Hello guys, I've read on here that quite a few of your rats like to play in water, with peas and what have you. Just curious as to what temperature you have the water, do you just use cold water or is it tepid or slightly warm? I'm hoping that they might wash themselves if they like the water because they are a bit sticky from walking through their wee :/ I'm trying to potty train atm but they keep going on the plastic levels instead of in the tray and so they trail their tails through it and such.
I'm aware that they might not like the water at all but honestly if someone gave me cold water to wash in I wouldn't like it either haha! Are they more likely to enjoy slightly warm water?


----------



## rottengirl (Mar 16, 2016)

I don't know if my rats have a preference for cool or warm water, but I would go with warm based solely on the fact that I am a mammal who likes warm water. I figure they would too, lol. Just think - there are rats that hae no problem going through our sewer system and into our toilets, so even cold, slightly gross water isn't really an issue for them.


----------



## Heyyouguys (Jun 19, 2016)

Yeah I went with warm water  because I didn't want them to catch cold from wet feet haha. Only my big boy ventured into the water, my cuddly scaredy rat just wanted to stay on my lap


----------



## Gribouilli (Dec 25, 2015)

It depends. Warm water to play in general but you can use cold water (even add a few ice cubes) in SUMMER if the room they are in is too hot to help them cool down.


----------



## Heyyouguys (Jun 19, 2016)

Gribouilli said:


> It depends. Warm water to play in general but you can use cold water (even add a few ice cubes) in SUMMER if the room they are in is too hot to help them cool down.

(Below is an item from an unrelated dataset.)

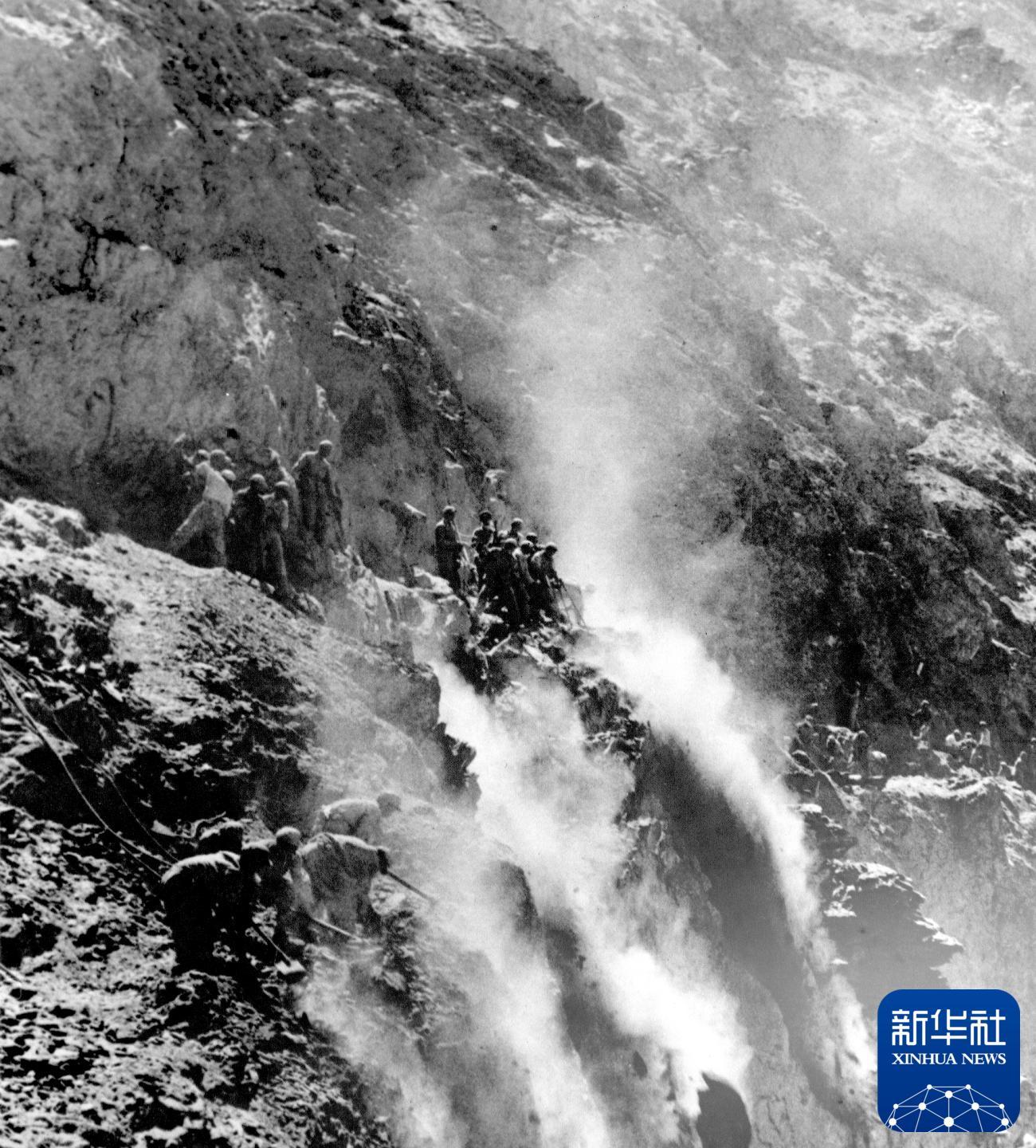 筑路戰(zhàn)士在怒江兩岸的懸崖陡壁上辟山筑路。新華社發(fā)
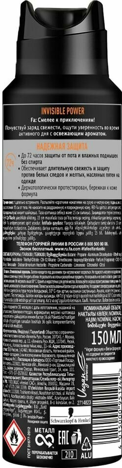 Описание товара:Fa Men Invisible Power – экстремальная защита от пота, запаха, а так же белых, желтых и масляных пятен на одежде. Инновационная формула с технологией Sweat Detect борется с потом еще до его появления. Научно доказано: 72ч защиты от пота и запаха. 0 % спирта. Хорошая переносимость кожей подтверждена дерматологами. Также почувствуйте притягательную свежесть, принимая душ с гелем для душа Fa Men Xtreme.Состав товара:Butane, Propane, Aqua, Aluminum Chlorohydrate, Propylene Glycol, Cyclomethicone, Isobutane, Isopropyl Myristate, Dimethicone, Parfum, PEG/PPG-18/18 Dimethicone, Phenoxyethanol, Linalool, Limonene, Hexyl Cinnamal, Citronellol, Coumarin, Citral.Меры предосторожности:Баллон под давлением. Предохранять от воздействия прямых солнечных лучей и нагревания свыше 50'C. Не разбирать и не сжигать даже использованный баллон. Не распылять вблизи открытого огня и раскаленных предметов. Держать на расстоянии от источников возгорания. Не курить. Хранить в местах, недоступных для детей. Избегать попадания в глаза и на раздраженную и поврежденную кожу. Использовать по назначению. Только полностью использованный баллон подлежит переработке. Использовать в хорошо проветриваемых помещениях. Не содержит озоноразрушающих веществ.Способ применения:Тщательно встряхните баллон, распыляйте на сухую и чистую кожу подмышек с расстояния 15 см. Не наносите на раздраженную и поврежденную кожу.

I might try that as my front room is pretty decently insulated and holds a lot of heat during he day. They won't get ill from cold water will they?


----------



## Gribouilli (Dec 25, 2015)

Heyyouguys said:


> I might try that as my front room is pretty decently insulated and holds a lot of heat during he day. They won't get ill from cold water will they?


Mine never did. Most rats will only put their feet and hopefully tail (that's how their body gets rid of most extra heat) in the cold water anyway


----------



## BlackAce (Apr 18, 2013)

I use room temperature water, but if they think it's too warm or too cold they will just avoid it. So I would just adjust accordingly at that point. It takes awhile for some rats to get used to water, some take to it right away, some not at all. I've had two rats that have really LOVED to swim, you'd think they're part fish!


----------



## Grotesque (Mar 19, 2014)

My girls prefer what I call, "baby bath water" which is a very gentle warmth. My boy, however, won't go in unless it is cold and has ice cubes floating in it. I take care to make sure he doesn't chill himself but he is young and healthy... plus he is strange and stubborn and does what he wants.


----------